Pheromone circuits and transcriptional cascades modulating transcriptional and chromatin states in the Drosophila central brain with social experience

Social experience significantly influences the behavioral and physiological responses of animals, including humans. In many animals, social isolation increases aggression, courtship, locomotion, and feeding while disrupting sleep. This occurs when peripheral neurons detect social signals, such as pheromones, which activate decision-making circuits in the brain. However, the molecular and circuit mechanisms of how chronic social isolation or enrichment alter gene expression and affect neuronal function and behavior remain unclear. In this study, we examined how transcription patterns and chromatin marks in male Drosophila brains change in response to social experience, and the effect of pheromone circuits and transcription factors involved in social circuit function. We focused on pheromone receptors Or47b and Or67d, as well as transcription factors Fru ^M and Dsx ^M . Our findings suggest that social experience affects multiple genes in the central brain.
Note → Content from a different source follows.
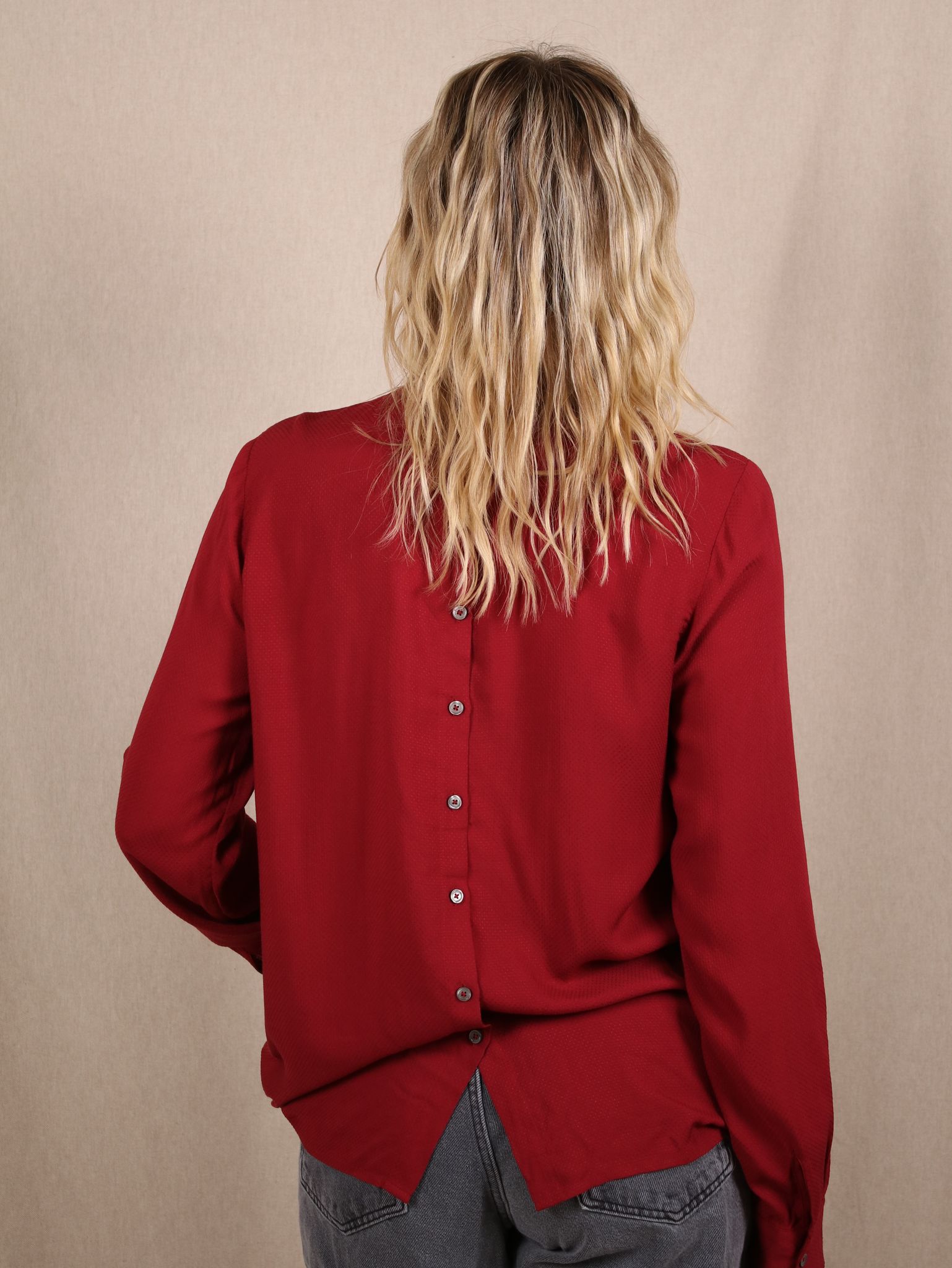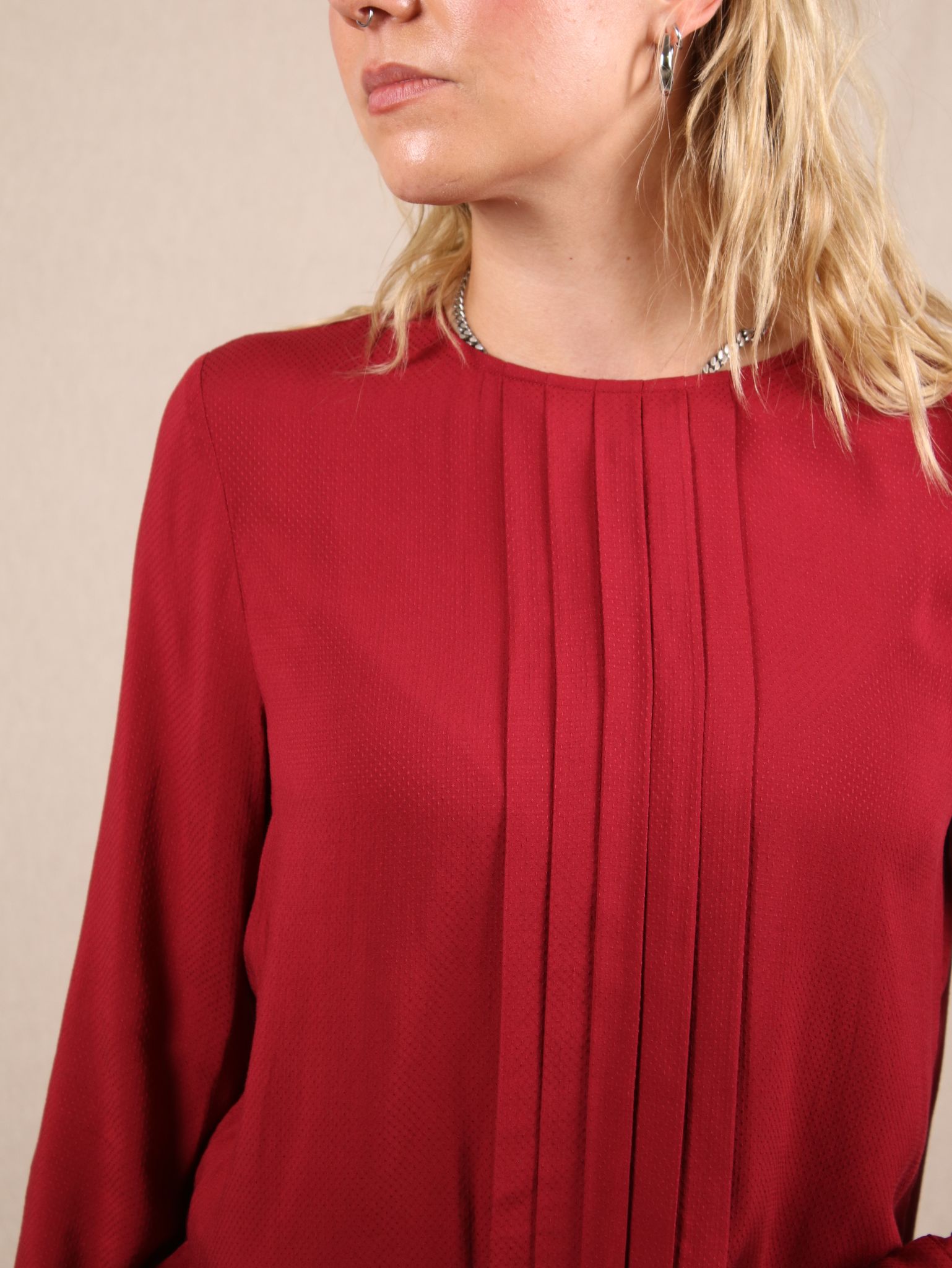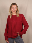 Dieses tiefrote Longsleeve von Marc O’Polo ist ein echtes Statement – und das ganz ohne Muster. Die feinen Falten und der fließende Schnitt verleihen dem Jersey-Oberteil eine elegante Note. Als Secondhand-Fundstück bringt es herbstliche Romantik in deinen Kleiderschrank – stilvoll, bequem und verantwortungsvoll.

Disrupting Or47b, Or67d, Fru ^M , and Dsx ^M function moderated the transcriptional responses through antagonistic interactions. Specifically, Or47b circuits predominantly mediated transcriptional responses to social isolation through Dsx ^M function, while Or67d and Fru ^M regulated responses to group housing. Notably, mutants of fru ^M and dsx ^M exhibited more extensive transcriptional changes in the brain than Or mutants, especially for Fru ^M /Dsx ^M target genes. While social experience did not lead to detectable alterations in the overall chromatin profile in the whole brain, mutants of the four genes resulted in significant changes in the enrichment of H3K4me3 and RNA polymerase II (RNAPolII) compared to wild type. Furthermore, mutants in fru ^M and dsx ^M generally eliminated social experience-dependent changes in sleep and locomotion behaviors, whereas Or mutants exhibited more modest disruptions. Overall, our results uncover the pheromone circuits and transcriptional cascades in regulating molecular and behavioral responses to social experience.